_Raw data_.
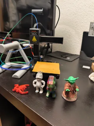Impresora 3D Creality Ender 3 en color negro y verde, con algunos extras incluidos. - Iluminación led incluye herramientas y accesorios como boquillas muelles para cama etc. - Prepada para cerramiento alejando la electrónica fuera del cerramiento para materiales mas técnicos. - También se puede montar como viene de fabrica incluye caja donde viene cuando es nueva. - Ideal para empezar a aprender y imprimir lo que quieras.
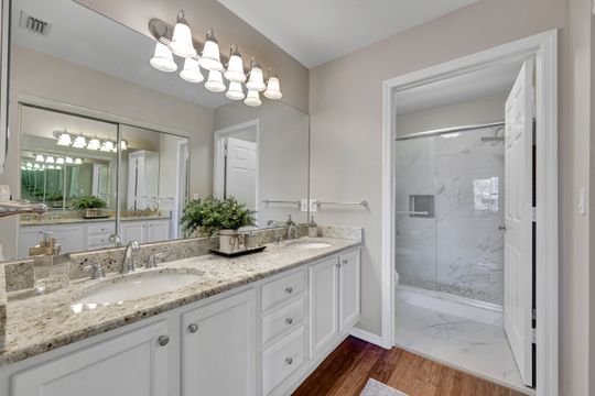 Over the last eight years, the current owners have enjoyed this coach home with a lake view as their snowbird retreat, all the while tastefully furnishing it and updating it to create a comfortable home away from home. Whether you are searching for an investment or wanting a Naples escape of your own, this second-floor residence, being sold turnkey with a few exclusions, offers enjoyable living for tenants or owner-occupants alike. Some of the things these owners have done include a recently redone master shower with beautiful tile, glass doors and new fixtures and even a new toilet. The adjoining dual-sink vanity area has been refreshed with granite counters, new lighting and fixtures. The flooring throughout the main living space and into the bedrooms is a beautiful bamboo engineered wood. Stainless appliances, granite counters, and painted cabinetry with soft-close hinges highlight the eat-in kitchen. Modern ceiling fans and lighting add the finishing touches throughout. These owners also replaced the polybutylene piping and the HVAC system is. This building has a newer roof (2021). This two-bedroom, two-bath residence, complemented by a one-car garage, is located in Wiggins Lakes, a charming community in X500 flood zone west of 41 in North Naples, within walking and bicycling distance to beaches, shops and restaurants. Wiggins Lakes offers its residents two pools, a tennis/pickleball court, a community room, and an active social calendar.
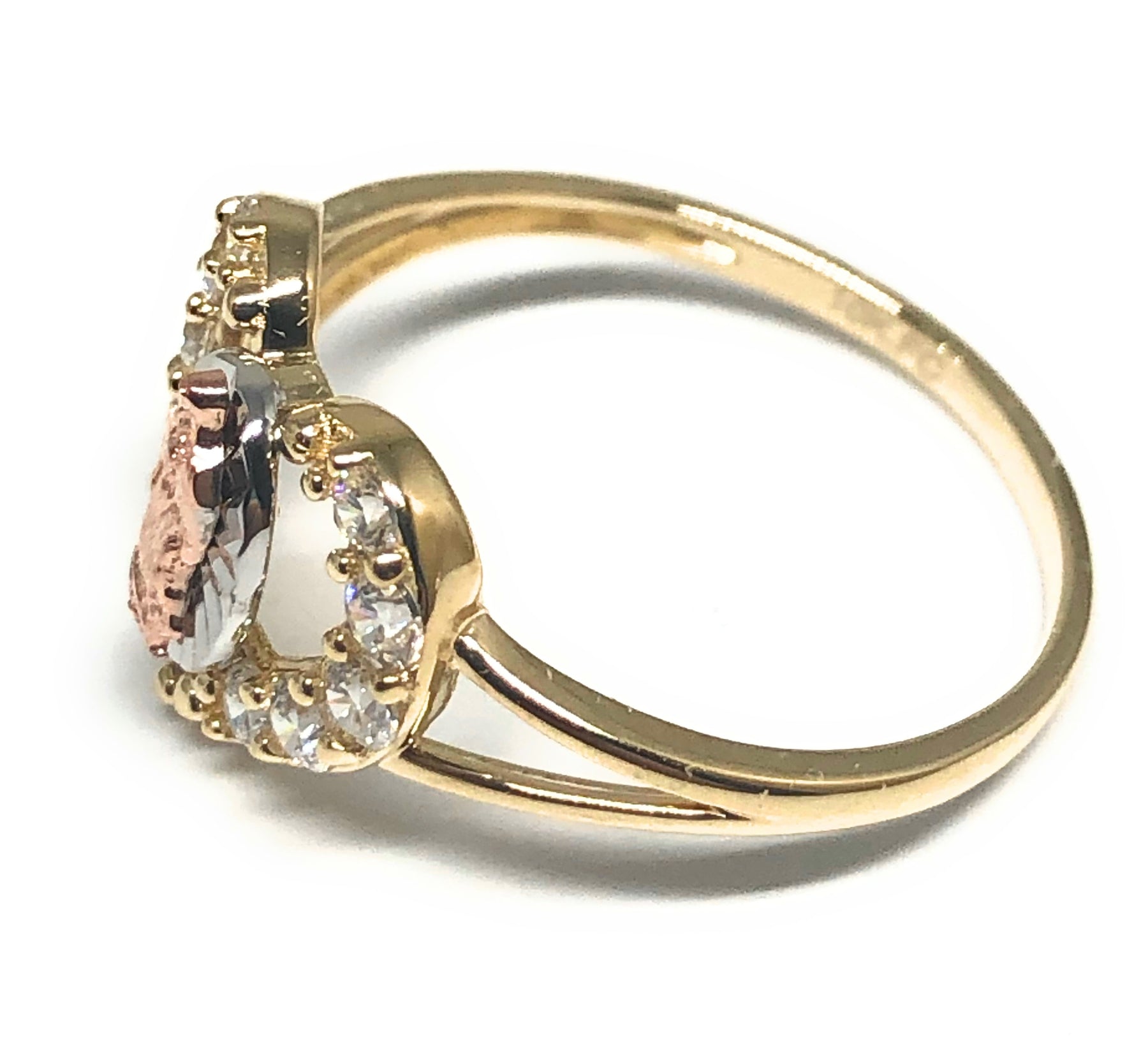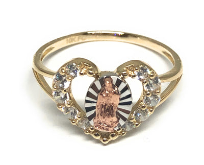 10k Solid Gold Tri-Color Virrgin Mary Heart CZ Ring (FC 26)

_What the task asks_. Copy out all the data exactly, skipping the pictures.

_Result_.
Impresora 3D Creality Ender 3 en color negro y verde, con algunos extras incluidos. - Iluminación led incluye herramientas y accesorios como boquillas muelles para cama etc. - Prepada para cerramiento alejando la electrónica fuera del cerramiento para materiales mas técnicos. - También se puede montar como viene de fabrica incluye caja donde viene cuando es nueva. - Ideal para empezar a aprender y imprimir lo que quieras.
 Over the last eight years, the current owners have enjoyed this coach home with a lake view as their snowbird retreat, all the while tastefully furnishing it and updating it to create a comfortable home away from home. Whether you are searching for an investment or wanting a Naples escape of your own, this second-floor residence, being sold turnkey with a few exclusions, offers enjoyable living for tenants or owner-occupants alike. Some of the things these owners have done include a recently redone master shower with beautiful tile, glass doors and new fixtures and even a new toilet. The adjoining dual-sink vanity area has been refreshed with granite counters, new lighting and fixtures. The flooring throughout the main living space and into the bedrooms is a beautiful bamboo engineered wood. Stainless appliances, granite counters, and painted cabinetry with soft-close hinges highlight the eat-in kitchen. Modern ceiling fans and lighting add the finishing touches throughout. These owners also replaced the polybutylene piping and the HVAC system is. This building has a newer roof (2021). This two-bedroom, two-bath residence, complemented by a one-car garage, is located in Wiggins Lakes, a charming community in X500 flood zone west of 41 in North Naples, within walking and bicycling distance to beaches, shops and restaurants. Wiggins Lakes offers its residents two pools, a tennis/pickleball court, a community room, and an active social calendar.
 10k Solid Gold Tri-Color Virrgin Mary Heart CZ Ring (FC 26)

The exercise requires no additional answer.